**Entries supplied:**
========

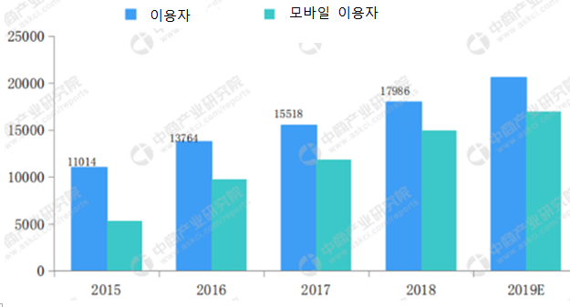 2015~2019년 중국 온라인 교육 이용자 현황 및 예측
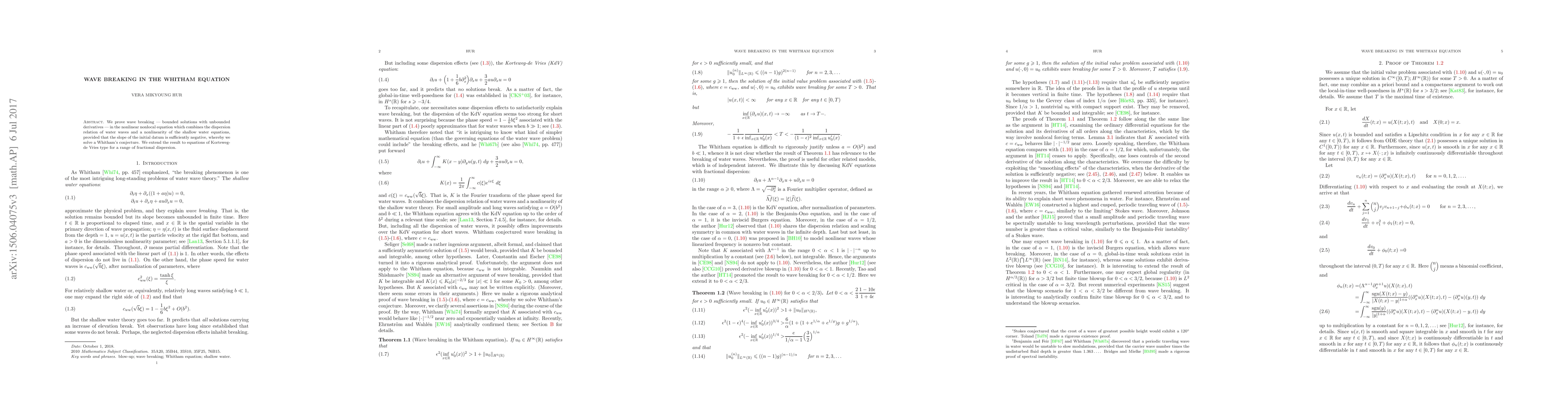 This paper proves wave breaking in the Whitham equation, demonstrating that solutions can remain bounded while their derivatives become unbounded under sufficiently negative initial slopes, thus resolving a conjecture by Whitham. The findings are also extended to Korteweg-de Vries type equations with fractional dispersion.
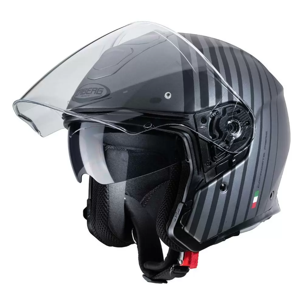 Caberg Flyon Bakari Matt Gunmetal Black Open Face Helmet. Flyon is the Caberg Open Face Helmet conceived for the daily urban and extra-urban routes.
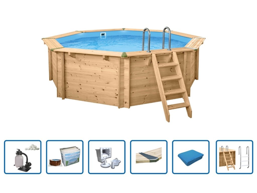 Het gebruikte Nordic Pine hout staat bekend om zijn duurzaamheid en sterkte. De houten balken worden eerst gedroogd tot een vochtpercentage van ongeveer 18% – 22%, waarna ze worden behandeld met een klasse 4 vacuümdruk-impregnatie. Bij deze techniek wordt het impregneermiddel onder hoge druk diep in het hout geperst, waardoor het hout langdurig beschermd is tegen vocht, schimmels en insecten. De zwembadwanden zijn bovendien 45 mm dik, wat zorgt voor een zeer stevige constructie en uitstekende thermische isolatie.
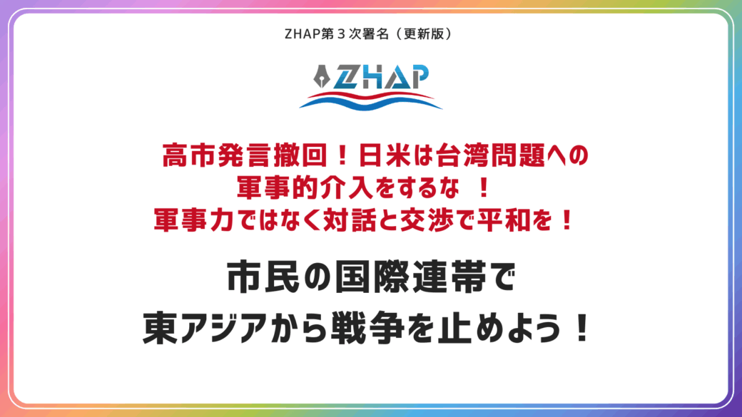 高市発言撤回!日米は台湾問題への軍事的介入をするな! 軍事力ではなく対話と交渉で平和を! 市民の国際連帯で東アジアから戦争を止めよう![ZHAP第3次署名]シェアお願いします 日本語 English 한국어 繁體中文 東アジアから戦争を…
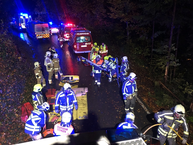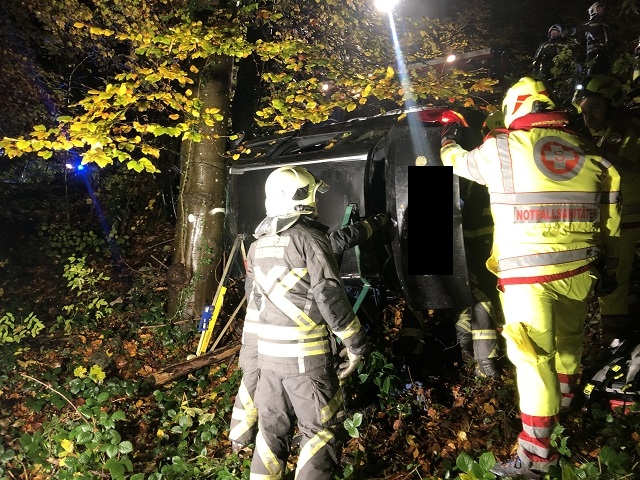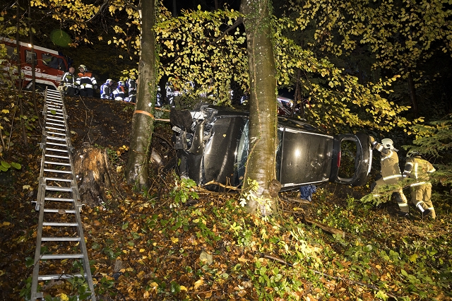 Ein junger PKW-Lenker geriet aus unbekannter Ursache bei der Abfahrt von der Nofler Egg in einer Rechtskurve über den linken Fahrbahnrand hinaus und stürzte ca. 10 Meter im steilen, bewaldeten Gelände ab. Das Fahrzeug mit 3 weiteren Mitfahrern kam auf der Fahrerseite, seitlich an einen Baum gelehnt, zum Stillstand. Zwei der Mitfahrer konnten sich selbstständig aus dem schwer beschädigten Fahrzeug befreien und die Rettungskräfte verständigen. Gemäß dem hinterlegten Alarmplan wurde die Feuerwehr Gisingen als Stützpunkt für hydraulisches Rettungsgerät zeitgleich mit der einsatzleitenden Feuerwehr Nofels alarmiert.
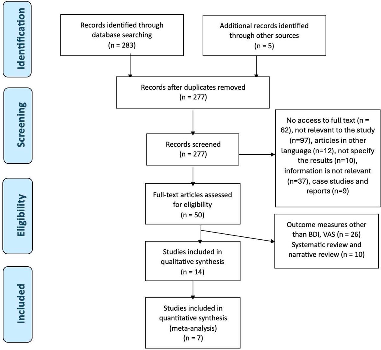 The study reviewed randomised controlled trials (RCTs), non-randomised controlled trials, pre-post experimental studies, and randomized clinical trials published during the period 2013–2023. Papers including different groups, different outcome measures other than VAS and BDI and interventions other than physiotherapy were excluded.
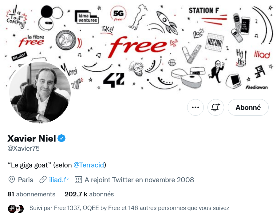 Terracid a donc félicité la réactivité de Xavier Niel et des équipes de Free bien sûr, le qualifiant de “giga GOAT” (“Greatest Of All Times”, ou meilleur de tous les temps). Il semble que Xavier Niel ait été plutôt flatté du compliment et a décidé de le montrer au monde, ou du moins à Twitter. En effet, le chef d’entreprise ayant créé Iliad, l’école 42, soutenu de nombreuses entreprises affiche désormais ce badge d’honneur en tant qu’unique caractéristique de présentation sur le réseau social.

========

**What needs to be done:**
Output must match the lines from the start of the records above through the line that contains "Ein junger PKW-Lenker", exactly and with every picture removed.

**Solution below:**
 2015~2019년 중국 온라인 교육 이용자 현황 및 예측
 This paper proves wave breaking in the Whitham equation, demonstrating that solutions can remain bounded while their derivatives become unbounded under sufficiently negative initial slopes, thus resolving a conjecture by Whitham. The findings are also extended to Korteweg-de Vries type equations with fractional dispersion.
 Caberg Flyon Bakari Matt Gunmetal Black Open Face Helmet. Flyon is the Caberg Open Face Helmet conceived for the daily urban and extra-urban routes.
 Het gebruikte Nordic Pine hout staat bekend om zijn duurzaamheid en sterkte. De houten balken worden eerst gedroogd tot een vochtpercentage van ongeveer 18% – 22%, waarna ze worden behandeld met een klasse 4 vacuümdruk-impregnatie. Bij deze techniek wordt het impregneermiddel onder hoge druk diep in het hout geperst, waardoor het hout langdurig beschermd is tegen vocht, schimmels en insecten. De zwembadwanden zijn bovendien 45 mm dik, wat zorgt voor een zeer stevige constructie en uitstekende thermische isolatie.
 高市発言撤回!日米は台湾問題への軍事的介入をするな! 軍事力ではなく対話と交渉で平和を! 市民の国際連帯で東アジアから戦争を止めよう![ZHAP第3次署名]シェアお願いします 日本語 English 한국어 繁體中文 東アジアから戦争を…
 Ein junger PKW-Lenker geriet aus unbekannter Ursache bei der Abfahrt von der Nofler Egg in einer Rechtskurve über den linken Fahrbahnrand hinaus und stürzte ca. 10 Meter im steilen, bewaldeten Gelände ab. Das Fahrzeug mit 3 weiteren Mitfahrern kam auf der Fahrerseite, seitlich an einen Baum gelehnt, zum Stillstand. Zwei der Mitfahrer konnten sich selbstständig aus dem schwer beschädigten Fahrzeug befreien und die Rettungskräfte verständigen. Gemäß dem hinterlegten Alarmplan wurde die Feuerwehr Gisingen als Stützpunkt für hydraulisches Rettungsgerät zeitgleich mit der einsatzleitenden Feuerwehr Nofels alarmiert.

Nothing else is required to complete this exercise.